(Information given):
= = = = =
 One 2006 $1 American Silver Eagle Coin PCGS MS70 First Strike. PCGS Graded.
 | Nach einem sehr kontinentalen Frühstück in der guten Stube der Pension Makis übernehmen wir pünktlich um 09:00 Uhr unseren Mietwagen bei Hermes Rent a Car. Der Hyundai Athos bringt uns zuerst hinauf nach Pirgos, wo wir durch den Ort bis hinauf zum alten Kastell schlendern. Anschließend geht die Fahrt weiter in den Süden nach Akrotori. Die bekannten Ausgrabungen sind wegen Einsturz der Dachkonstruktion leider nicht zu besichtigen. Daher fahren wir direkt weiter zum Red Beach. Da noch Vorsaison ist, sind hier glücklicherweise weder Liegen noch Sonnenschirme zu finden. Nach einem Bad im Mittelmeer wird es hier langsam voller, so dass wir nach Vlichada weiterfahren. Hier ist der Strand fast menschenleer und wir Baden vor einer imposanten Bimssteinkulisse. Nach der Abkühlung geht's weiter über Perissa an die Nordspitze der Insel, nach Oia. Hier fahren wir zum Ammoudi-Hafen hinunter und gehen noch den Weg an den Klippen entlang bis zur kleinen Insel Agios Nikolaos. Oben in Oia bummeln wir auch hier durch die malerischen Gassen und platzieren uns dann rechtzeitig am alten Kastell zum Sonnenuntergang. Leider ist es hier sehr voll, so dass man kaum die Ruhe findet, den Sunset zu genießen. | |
= = = = =
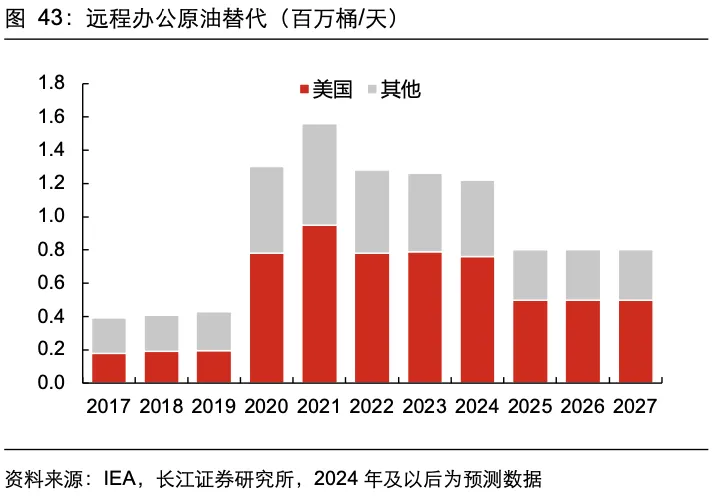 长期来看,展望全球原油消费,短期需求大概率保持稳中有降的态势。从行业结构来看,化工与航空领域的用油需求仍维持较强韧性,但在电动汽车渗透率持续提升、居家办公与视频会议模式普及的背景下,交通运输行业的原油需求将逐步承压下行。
= = = = =
(Assignment): Of the entries above, repeat exactly the lines from the line with "One 2006 $1" through the line with "genießen. | |", both of them included.

(Finished task):
 One 2006 $1 American Silver Eagle Coin PCGS MS70 First Strike. PCGS Graded.
 | Nach einem sehr kontinentalen Frühstück in der guten Stube der Pension Makis übernehmen wir pünktlich um 09:00 Uhr unseren Mietwagen bei Hermes Rent a Car. Der Hyundai Athos bringt uns zuerst hinauf nach Pirgos, wo wir durch den Ort bis hinauf zum alten Kastell schlendern. Anschließend geht die Fahrt weiter in den Süden nach Akrotori. Die bekannten Ausgrabungen sind wegen Einsturz der Dachkonstruktion leider nicht zu besichtigen. Daher fahren wir direkt weiter zum Red Beach. Da noch Vorsaison ist, sind hier glücklicherweise weder Liegen noch Sonnenschirme zu finden. Nach einem Bad im Mittelmeer wird es hier langsam voller, so dass wir nach Vlichada weiterfahren. Hier ist der Strand fast menschenleer und wir Baden vor einer imposanten Bimssteinkulisse. Nach der Abkühlung geht's weiter über Perissa an die Nordspitze der Insel, nach Oia. Hier fahren wir zum Ammoudi-Hafen hinunter und gehen noch den Weg an den Klippen entlang bis zur kleinen Insel Agios Nikolaos. Oben in Oia bummeln wir auch hier durch die malerischen Gassen und platzieren uns dann rechtzeitig am alten Kastell zum Sonnenuntergang. Leider ist es hier sehr voll, so dass man kaum die Ruhe findet, den Sunset zu genießen. | |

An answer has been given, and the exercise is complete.